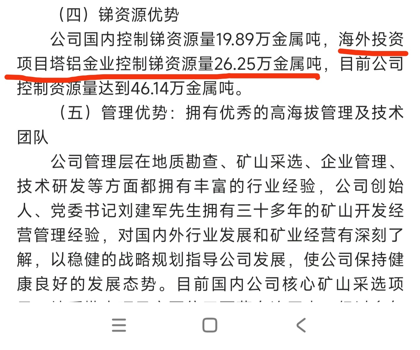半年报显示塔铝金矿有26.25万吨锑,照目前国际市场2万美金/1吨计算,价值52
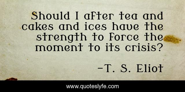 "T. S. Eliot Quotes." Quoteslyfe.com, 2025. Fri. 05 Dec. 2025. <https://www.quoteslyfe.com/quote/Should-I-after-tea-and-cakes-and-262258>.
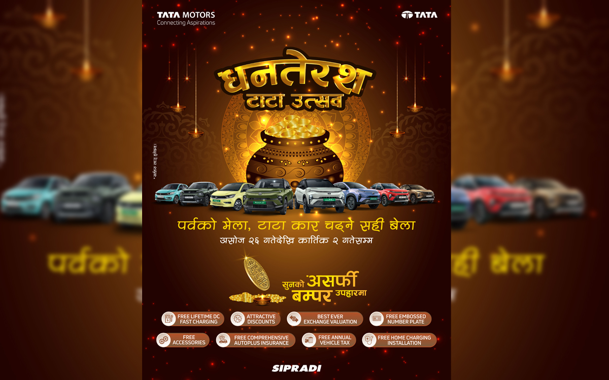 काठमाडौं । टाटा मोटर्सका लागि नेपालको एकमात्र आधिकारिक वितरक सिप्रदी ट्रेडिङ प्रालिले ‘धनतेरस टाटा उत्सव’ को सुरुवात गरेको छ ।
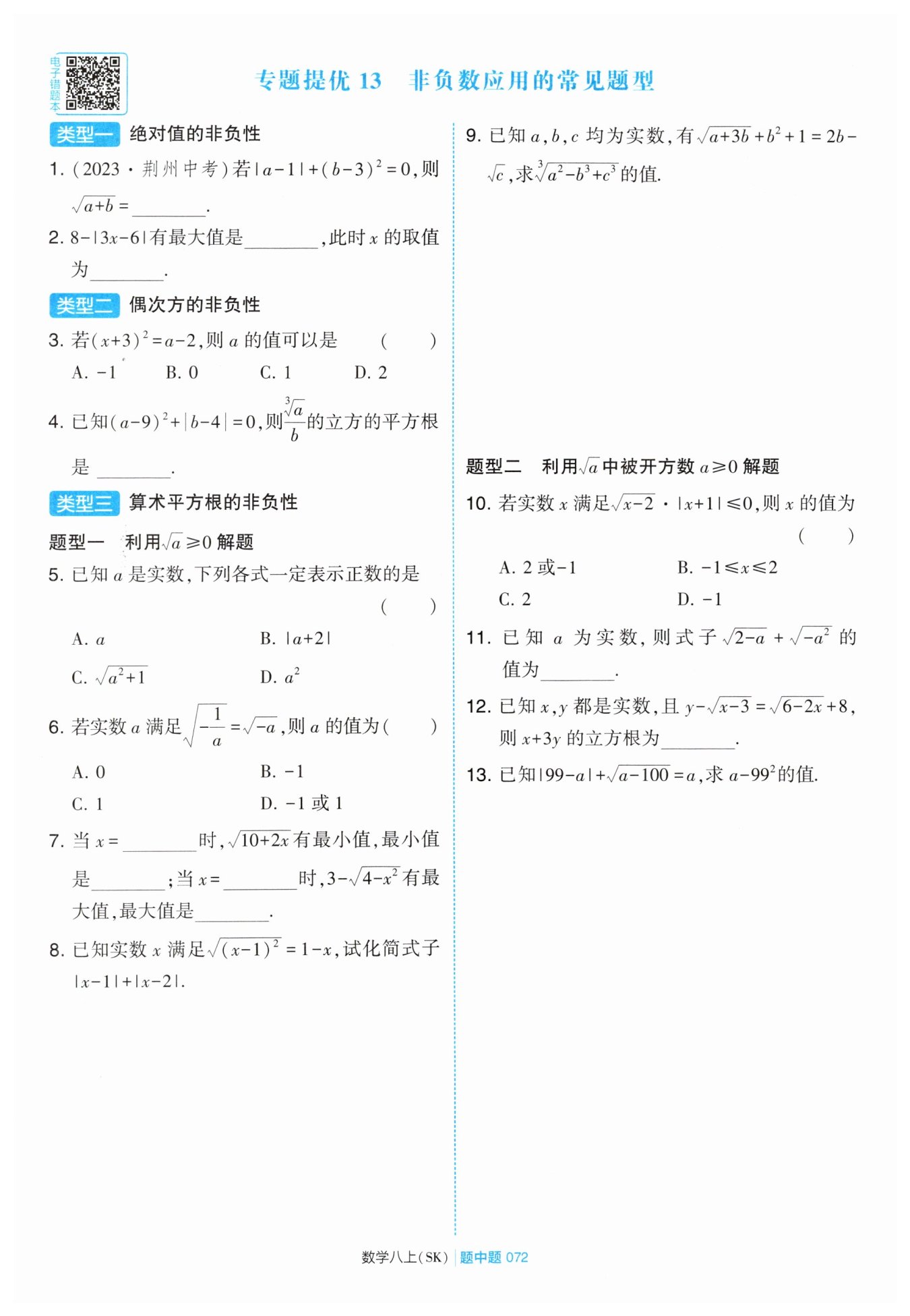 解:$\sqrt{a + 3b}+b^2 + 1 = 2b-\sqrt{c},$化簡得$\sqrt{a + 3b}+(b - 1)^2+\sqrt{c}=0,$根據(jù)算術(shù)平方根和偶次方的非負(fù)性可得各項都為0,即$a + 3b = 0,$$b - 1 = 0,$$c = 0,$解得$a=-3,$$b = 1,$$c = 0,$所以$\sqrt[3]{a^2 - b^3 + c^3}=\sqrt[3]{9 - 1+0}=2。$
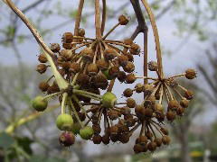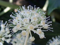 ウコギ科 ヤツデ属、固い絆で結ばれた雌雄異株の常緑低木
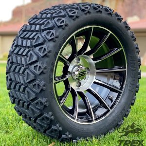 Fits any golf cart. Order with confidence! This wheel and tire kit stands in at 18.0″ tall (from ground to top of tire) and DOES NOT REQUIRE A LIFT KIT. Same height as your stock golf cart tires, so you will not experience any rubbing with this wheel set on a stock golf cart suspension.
# # # # # # #
**What needs to be done**
In the data above, find the line with "काठमाडौं । टाटा" and repeat it and every line after it through the end, exactly; leave the pictures out.

**Solved problem**
 काठमाडौं । टाटा मोटर्सका लागि नेपालको एकमात्र आधिकारिक वितरक सिप्रदी ट्रेडिङ प्रालिले ‘धनतेरस टाटा उत्सव’ को सुरुवात गरेको छ ।
 解:$\sqrt{a + 3b}+b^2 + 1 = 2b-\sqrt{c},$化簡得$\sqrt{a + 3b}+(b - 1)^2+\sqrt{c}=0,$根據(jù)算術(shù)平方根和偶次方的非負(fù)性可得各項都為0,即$a + 3b = 0,$$b - 1 = 0,$$c = 0,$解得$a=-3,$$b = 1,$$c = 0,$所以$\sqrt[3]{a^2 - b^3 + c^3}=\sqrt[3]{9 - 1+0}=2。$
 ウコギ科 ヤツデ属、固い絆で結ばれた雌雄異株の常緑低木
 Fits any golf cart. Order with confidence! This wheel and tire kit stands in at 18.0″ tall (from ground to top of tire) and DOES NOT REQUIRE A LIFT KIT. Same height as your stock golf cart tires, so you will not experience any rubbing with this wheel set on a stock golf cart suspension.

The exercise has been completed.